Since then 12 ACS/SEED scholars have been participants in his research
program. A High School Teacher Dr. Greg Fisher, became a Partner-In-
Science (Research Corp., Camille and Henry Dreyfus Foundation) research
partner in 1998 and 1999. Rhodes was Director of the Partners-In-Science
Program at NYU sponsored by Dreyfus and Lucent Technologies from 1996 -
2004. Two sons are also chemists: Chris is Senior Chemist with Amylin in San
Diego and Tim is chemist at Nerck.  

Rhodes has twice been awarded the Golden Dozen Award for Teaching
Excellence in the NYU College of Arts and Science (1991 and 1996) and was
selected by Chemistry Major students as the First Annual Best Professor Award
in Chemistry in 1993 and again in 2000. He received the NYU Great Teacher
Award and Stipend from NYU Alumni in 2000. He was Director and co-Founder
of the joint Dual Degree BS/BE Program in Engineering and Science at New
York University and Stevens Institute of Technology  from 1987 to  2000 and co-
creator of 19 curricula in Biology, Chemistry, Computer Science, Mathematics
and Physics majors at NYU combined with a second major in one of Chemical,
Civil, Computer, Environmental, Materials, and Mechanical Engineering
Sciences, and Engineering Physics at Stevens.   

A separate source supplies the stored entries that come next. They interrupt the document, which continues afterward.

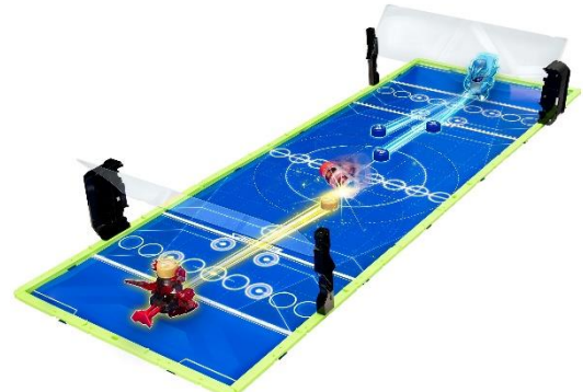
「プッシュボトル」(対戦競技)
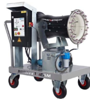
За големи помещения и производства
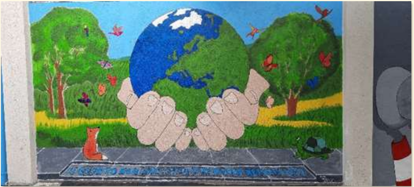
Il laboratorio di murales ha completato il disegno che doveva realizzare su uno dei muri della parrocchia

non è passare un mese fuori casa perché non si ha nulla da fare, ma è quello di regalare ai bambini delle emozioni, dei sorrisi e dei ricordi e soprattutto di mettersi in gioco, di impegnarsi e di aiutare il prossimo. Il Grest finisce con una grande festa, una grande cena in campo della parrocchia, dove
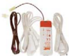
Подсветка ТИП 02.799.ZB сенсор TipTronic KOCH - 1 шт. к типам: 551, 552
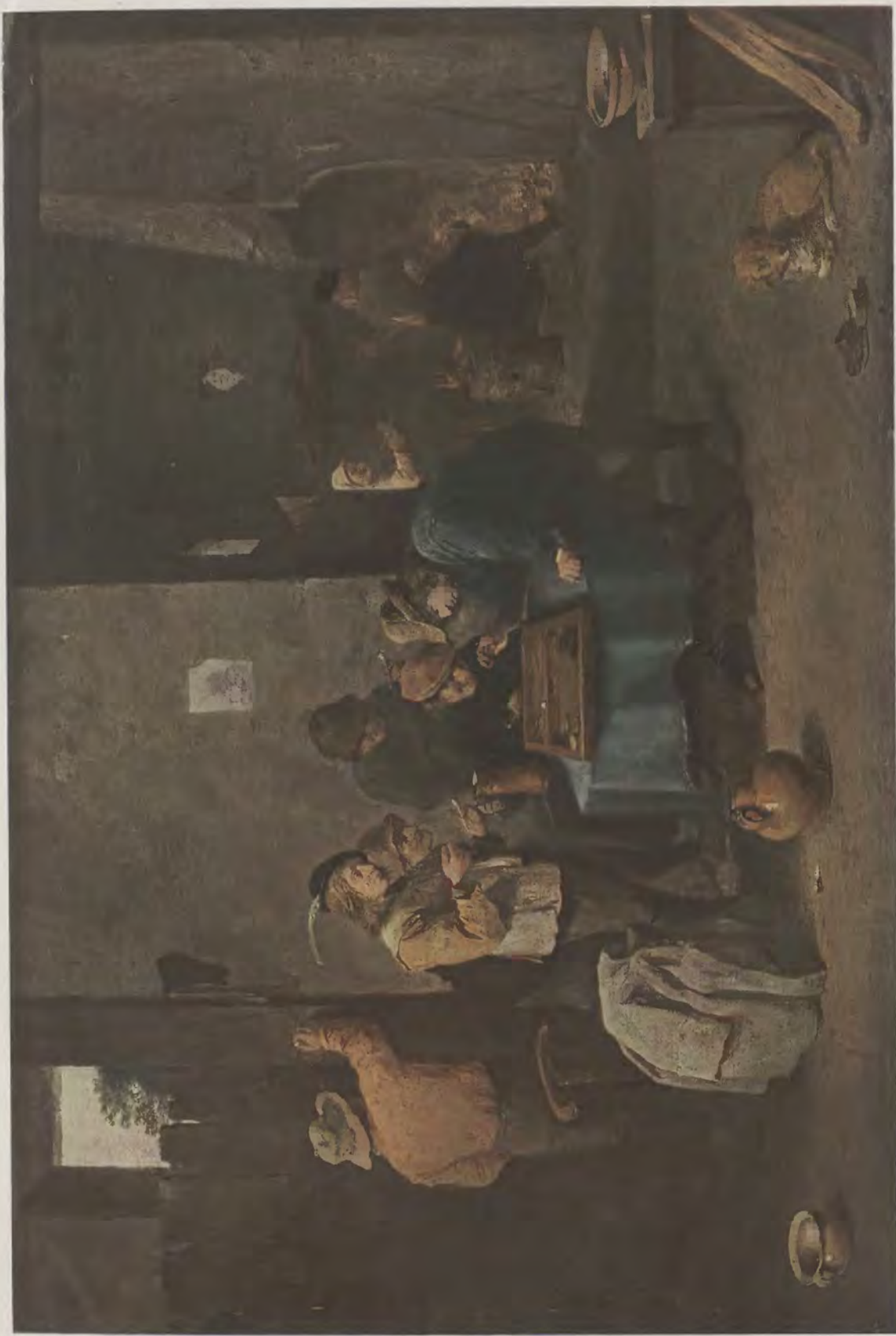
David Teniers / Die Puffspieler Kaiser-Friedrich-Museum, Berlin
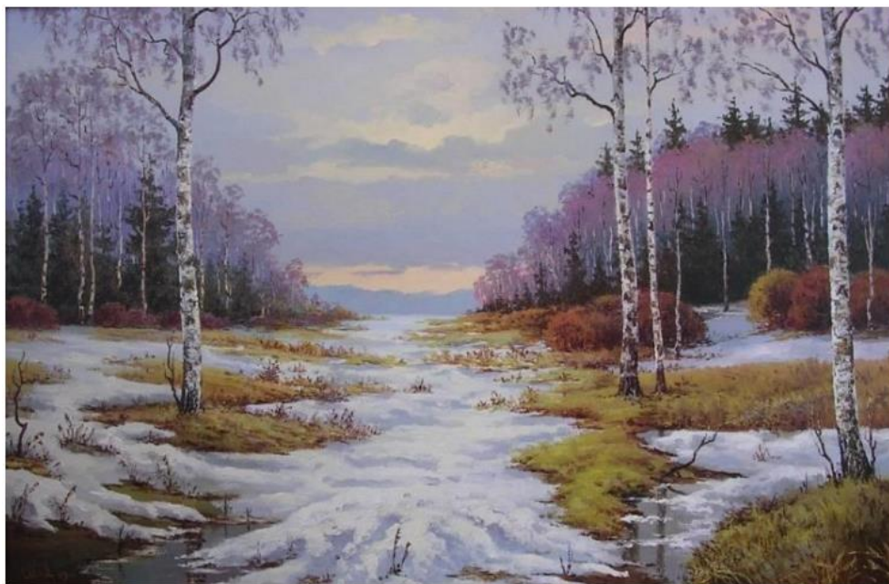
Рисунок 4 – Картина В. Ф. Бракова «Весна на реке Танзаловке»

Определение «звучания» картины (Какие звуки можно услышать в этой картине?) (см. рисунок 4).
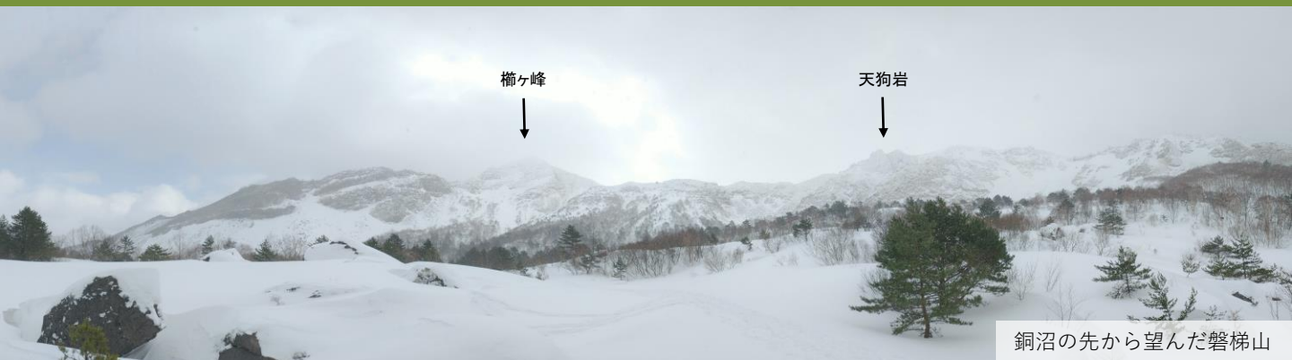
銅沼の先から望んだ磐梯山
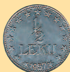
1/2 лека, 1957 г.
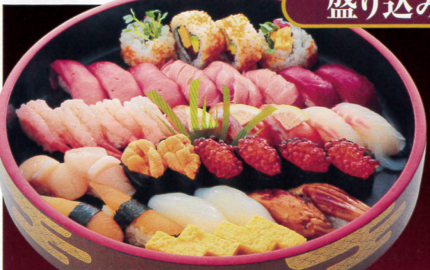
あおい(特上3~4人前相当)……9,720円 とろ、赤身、甘えび、サーモン、白身、ほたて、うに、 いくら、数の子、いか、穴子、玉子焼、巻物

He resided  in the University’s Brittany Residence Hall as “Professor-In-
Residence or House Master” from 1981 – 2000. At his official retirement from
NYU the Brittany Hall student residents renamed their Study/Meeting/Party  Hall
“The Rhodes Room” in his honor.  He has been active in the New York
Academy of Sciences and the New York Section of the American Chemical
Society serving on many committees in both organizations and also served as
Chair of each. He served six years on the National ACS Local Section Activity
Committee, and lead LSAC  as Chair 2002 - 2004.  Hobbies are grand opera
and progressive jazz, travel – especially by rail, and gourmet dining.